In SSS the orbital bony volume is increased due to contraction and atrophy of a chronically infected maxillary sinus, causing the orbital floor to descend.

In SBS the orbital bony volume is also increased, but in this case the orbital roof is pulled up, as a result of ventriculoperitoneal (VP) shunting early in life, the reduction of intracranial pressure pulling up the orbital roof (Arch Ophthalmol 1996; 114:1206).

GFS, most commonly seen in the elderly, is caused by a reduction in orbital soft-tissue volume, mostly from loss of fat, perhaps due to blepharoplasty surgery or age-related fat atrophy, causing a deep dead space to be created in the fornices, where colonization with bacteria and fungus occurs (Ophthalmology 2004; 111:1539).

• “Senile sunken upper lids” is another term for GFS.
• “Prostaglandin associated periorbitopathy” is a variant of this disease.
• In addition to fat atrophy, from direct suppression of adipogenesis by prostaglandins, Muller’s muscle is also stimulated by prostaglandins, with lid retraction and lagophthalmos as additional causes of chronic ocular irritation (OPRS 2012; 28:e33).
• In the original description of GFS all 12 patients had Staphylococcus aureus colonization of their fornices as evidenced by culture (Ophthalmology 2004; 111:1539).
• There can be overlap between the enophthalmos syndromes; SBS can cause GFS (Cornea 2012; 31:1065).
• An aspergilloma developed in the deep fornix of an adult who had undergone VP shunting as a child and had developed SBS (Cornea 2012; 31:1065).
• This patient developed fungal keratitis, which led to enucleation; the aspergilloma was not discovered until the enucleation.

Epidemiology

Too few cases have been described in the literature for accurate epidemiologic data on GFS, but data from case series can be cited.

• In a series of 6 cases there were 4 women and 2 men with an age range of 61–85 (OPRS 2013; 29:63).
• In another series of 5 cases the mean age was 75 years (range 70–95) and all patients were female (OPRS 2012; 28:4).
• In the original description of 12 cases the mean age was 85 (range 77–93) and 10 were female (Ophthalmology 2004; 111:1539).

Very few cases of SBS have been described in the literature.

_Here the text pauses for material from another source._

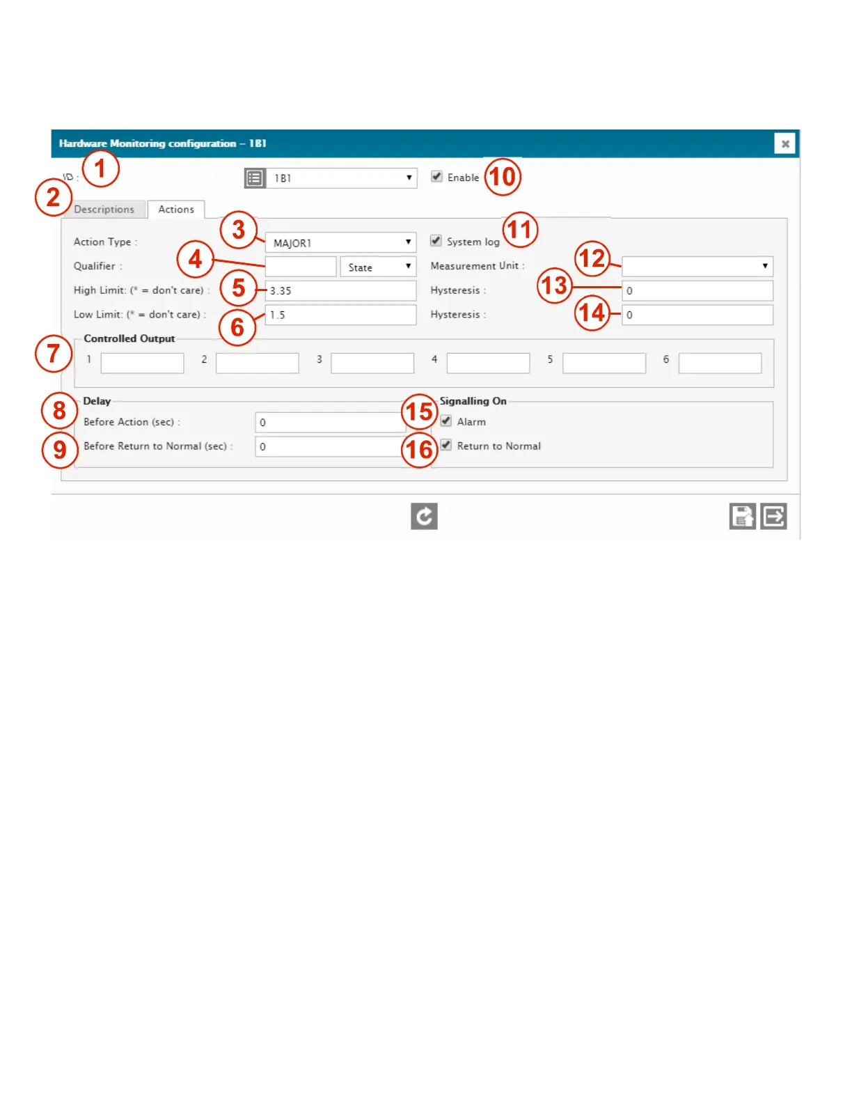 Selects the action type that will happen when an out-of-limit condition occurs. 3 types are available: Major alarm,

• In the original description there were 2 patients aged 24 and 25 years who had undergone VP shunting in their teens (OPRS 2009; 25:434).
• The disease can present in the fourth decade and VP shunting can have taken place in infancy (Cornea 2012; 31:1065).

SSS can present throughout life.

• In the original description there were 19 patients with mean age 36 years (range 29–46), (Ophthalmology 1994;101:772).

History

With GFS, the complaints are primarily related to chronic unilateral relapsing conjunctivitis.

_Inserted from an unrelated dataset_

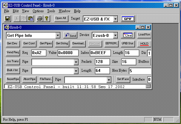 到程式集,啟動EZ-USB Control Penal,出現Target Selection視窗,選[EZ-USB...],再按[OK] |

• In addition to the discharge there might be symptoms of chronic irritation and dryness.
• Patients might be aware of chronic discharge and injection.
• In the prostaglandin analogue there is glaucoma treated with prostaglandin analogues or Latisse (bimatoprost 0.03%) has been used for hypotrichosis.

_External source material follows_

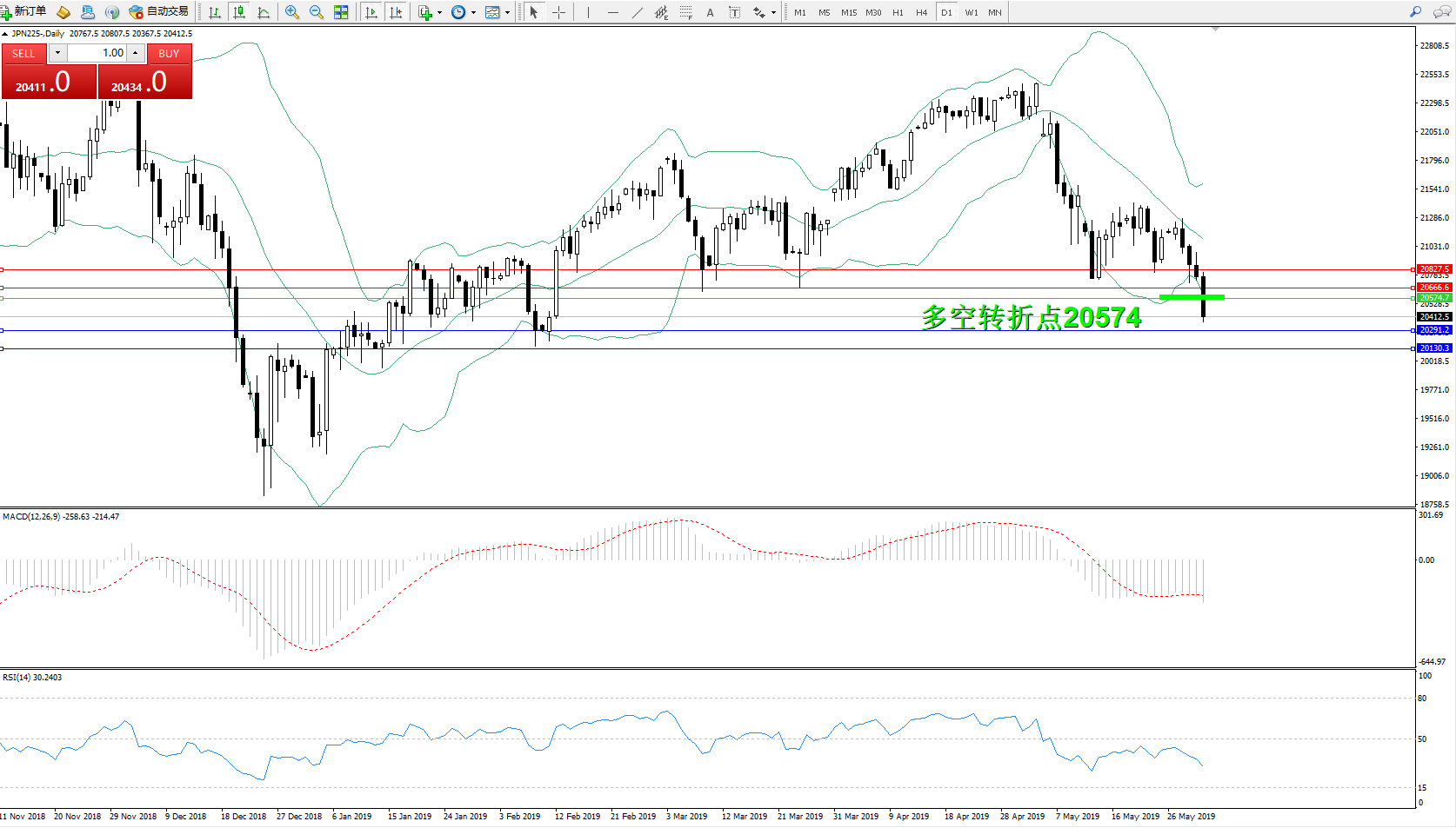 交易策略:20574下方看跌,目标20291、20130

With SBS there is a history of VP shunting at a young age.

With SSS the only complaint is the asymmetry, but displacement of the globe does not usually cause visual symptoms (Figure 1).

• There is a case report of vertical diplopia due to SSS, worse on upgaze. (OPRS 2013; 29:e130).
• However, the patient presented with a one day history of diplopia, there was periocular pain, hypertropia and elevation deficit were noted on examination, orbital imaging showed maxillary sinusitis, with a normal orbital floor and the SSS was evident on CT scan one year later.
• Therefore, visual symptoms including diplopia, and periocular pain might be from the causative process of infection and inflammation rather than the secondary enophthalmos and globe displacement.
• There might be a history of treatment for chronic sinusitis.
• Patients might be unaware of the asymmetry and the sinus disease.
• There might be other causes of acquired and congenital asymmetry and the SSS might be contributory.
• History of trauma, especially blunt trauma and orbital fracture repair
• Radiotherapy to the periocular region and/or orbit

Figure 1. Silent sinus syndrome.

Clinical features

In GFS the primary clinical feature is chronic discharge and conjunctival injection (Figure 2).

• Deep superior fornix with evidence of bacterial colonization
• The inferior fornix might be involved in GFS (OPRS 2007; 23:256).
• The sunken and elongated superior fornix can create the appearance of involutional ptosis.

Figure 2. Giant fornix syndrome.

SBS can cause severe keratopathy due to lagophthalmos and upper lid entropion (OPRS 2009; 25:434).

In SSS the primary clinical features are enophthalmos, hypoglobus and asymmetry of the maxillary sinus buttress.

• There might be other secondary causes of ocular surface abnormalities including poor eyelid apposition to the globe, resulting in exposure keratopathy.
• In rare cases, SSS can involve a sinus other than the maxillary sinus.
• Frontal sinus atelectasis can cause hyperglobus (Otolaryngol Head Neck Surg 2013; 148: 354).
• Ethmoid sinus atelectasis can cause medial displacement of the globe (J Laryngol Otol 2010;124:206).

In GFS there might be other involutional changes causing eye irritation, such as upper lid horizontal laxity with the rubbery changes of floppy eyelid syndrome.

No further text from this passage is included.